What to extract per flight
- Route (airport codes + city names)
- Date, departure time, arrival time, duration
- Airline, flight type (regular / charter — charter has a distinct badge)
- Stops: count, layover airports, layover duration
- Baggage: hand luggage (weight × count), checked (weight × count), included / add-on cost
- Refund / exchange policy
- Price + seller list with individual seller prices
Step 3: Extract Hotel Data (Ostrovok)
Ostrovok is also an SPA. WebFetch returns only config JS — never use it. Browser only.
Which Ostrovok — corporate or public? (ask once)
Ostrovok has two front doors, and the right one depends on the user (this skill gets shared — not everyone has the corporate portal):
- Public
ostrovok.ru — guest prices, no login, works for anyone.
corp.ostrovok.ru (the Komandirovki agent portal) — needs the user logged into an agency account; shows agent/net rates in RUB, is RU-card-friendly, and sometimes lists inventory the public site lacks. Agent rates are often cheaper — we've seen corp beat even the hotel's own official site.
If it isn't already obvious (e.g. their browser is logged into corp), ask once at the start of hotel work: "corporate Ostrovok (corp.ostrovok.ru, if you have an agency login) or the regular ostrovok.ru?" Default to public if they don't have corp access.
Don't guess the region slug. The same hotel can sit under an unexpected region — Riu Palace Swahili (Nungwi, Zanzibar) is filed under kendwa, not nungwi/zanzibar, so a constructed URL 404s. Reliable path: type the hotel name into the site's search box / destination autocomplete and pick the suggestion — you land on the exact page with the right region and mid in the URL. Use slug-construction only for a broad city search, and confirm via the page title.
- Navigate to the hotel URL.
- Wait until
document.title !== 'Загрузка отеля...' — the page loads in two phases (shell first, then room data). 5–7 seconds is the safe wait. Scraping earlier gives zero rooms.
- Run the room price extractor (see below).
- For TripAdvisor data and Ostrovok rating, use the meta extractor.
What to extract per hotel
- Name, stars, address, city
- Check-in / check-out times
- Room types — name, size, bed, meal plan, cancellation policy + exact deadline date, price, payment method
- Ostrovok rating + review count
- TripAdvisor rating (out of 5) + review count + TripAdvisor URL
Step 4: Transfers
Insert transfer rows between airports and hotels. Reference times live in references/transfers.md — read only the region(s) you need. The table covers Turkey, Tanzania, Greece, Egypt, UAE.
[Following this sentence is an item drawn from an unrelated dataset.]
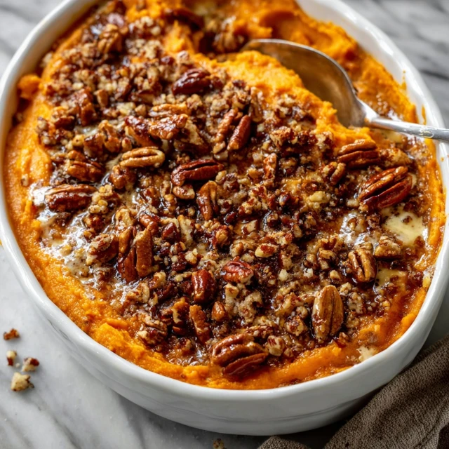- Sprinkle the pecan topping evenly over the sweet potato layer.

If the trip is in a country not covered, estimate from public sources (Google Maps, hotel website) and explicitly tell the user you used a rough estimate.
Step 5: Logistics Checks
Flag these in the output:
- Accommodation gaps — a night with no hotel (late arrival + hotel starts next day → mark as risk).
- Check-in too early — flight arrives before hotel check-in, accounting for transfer time. Usually fine if the hotel front desk is 24/7, but flag it.
- Check-out too late — flight departs and there isn't enough time for checkout + transfer + airport buffer (90 min domestic, 2h international).
- Baggage mismatches —
23 kg × 1 on a 2-passenger booking = one bag for two people. Always flag.
- Non-refundable bookings — show the deadline prominently; sort the notes by deadline (earliest first).
- Tight layovers — under 60 min international or 45 min domestic.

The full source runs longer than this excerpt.